I'm in the Quebec city area. For the billet assembly, I expect 12 to 15 weeks before I finalise to test the first prototype. Therefore, I should have the electric motor itself finalised to be tested in a couple of weeks. Worst case I'm gonna be able to rebuild original pump at this time.


----------



## rideone (Nov 13, 2012)

2west i have found a used one that will hopefully get me through this winter though would like to know how you make out and have you possibly look at my old one to see if you can recondition or replace the motor in it so i have a spare for when the second one fails. I will be getting this used one next week and will let everyone know after complete how i made out. Anyone in toronto ontario area that has a haldex filter tool they could loan me please let me know. thx


----------



## 2west (Nov 9, 2011)

rideone said:


> 2west i have found a used one that will hopefully get me through this winter though would like to know how you make out and have you possibly look at my old one to see if you can recondition or replace the motor in it so i have a spare for when the second one fails. I will be getting this used one next week and will let everyone know after complete how i made out. Anyone in toronto ontario area that has a haldex filter tool they could loan me please let me know. thx


I can recondition it no problem. I'm pretty confident with the new motor I will get but I want to be sure before. I'm gonna get back to you with the developpement.

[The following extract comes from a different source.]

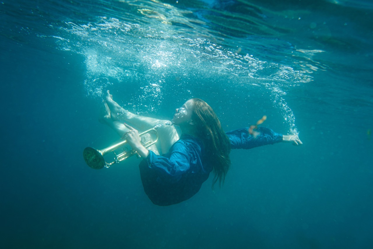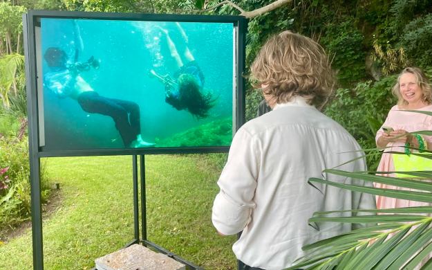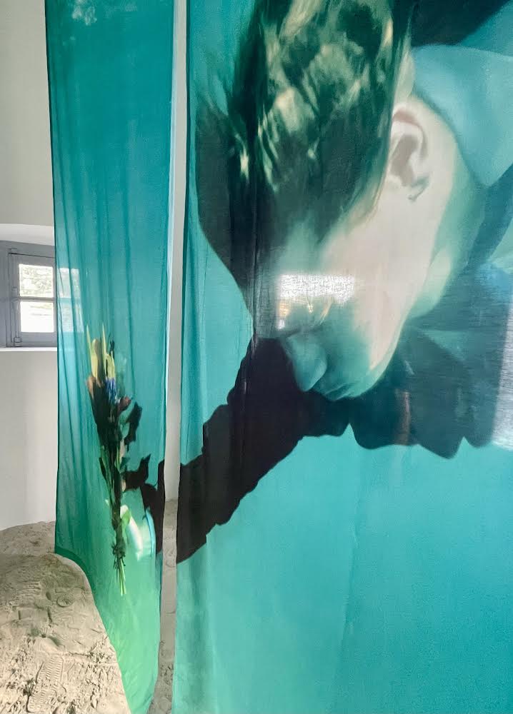 Dans une échauguette dominant la mer, une grande photo imprimée sur un voile très fin insiste sur le sentiment de légéreté et de vol qu’on peut ressentir dans la nage sous-marine.

Besides the AWD no working properly, theses pumps when they fail (and they will all fail eventually because of the way they are made) can cause more problems. One problem is the way the motor behave when failling it's not like ON/OFF working or not working. His gonna slowly decrease his torq and begin to produce less pressure in the system. Besause there is also a mechanical pump into the differential, when the system is primed properly even with a pump that is not in top shape, the system won't wear. Therefore, at a point where the pump is still working but not enough to prime the system correcly it can result in clutch slippage and premature wearing on them for an end result of bad clutchs and no more AWD. When it happens the differential have to be taken out and clutch replaced.


----------



## horror (Feb 18, 2011)

Does a simple tweak exist to electrically/electronically fool the haldex system to lock either the central differential, the back axle or both.


----------



## 2west (Nov 9, 2011)

horror said:


> Does a simple tweak exist to electrically/electronically fool the haldex system to lock either the central differential, the back axle or both.


you have to know there's no central differential on a Haldex system. There's a propeller shaft that goes from the front transmission/differental of the car that is always sendind power to the rear. Your Haldex system is at the rear just before the rear differential. (Basically they are a single unit). When the Haldex become in fonction, it just transmit the power into the differential to the rear wheels.

To answer to your question. There's no easy way really, and beware on some modifications that are written trough internet, some of them are false and will just make you damage your system.

What you need to acheive what you want is a Haldex controller... refered as blue or orange controller or race controller. I saw also a in dash dial controller also that was used in a rear swap from a TT to a MKIV.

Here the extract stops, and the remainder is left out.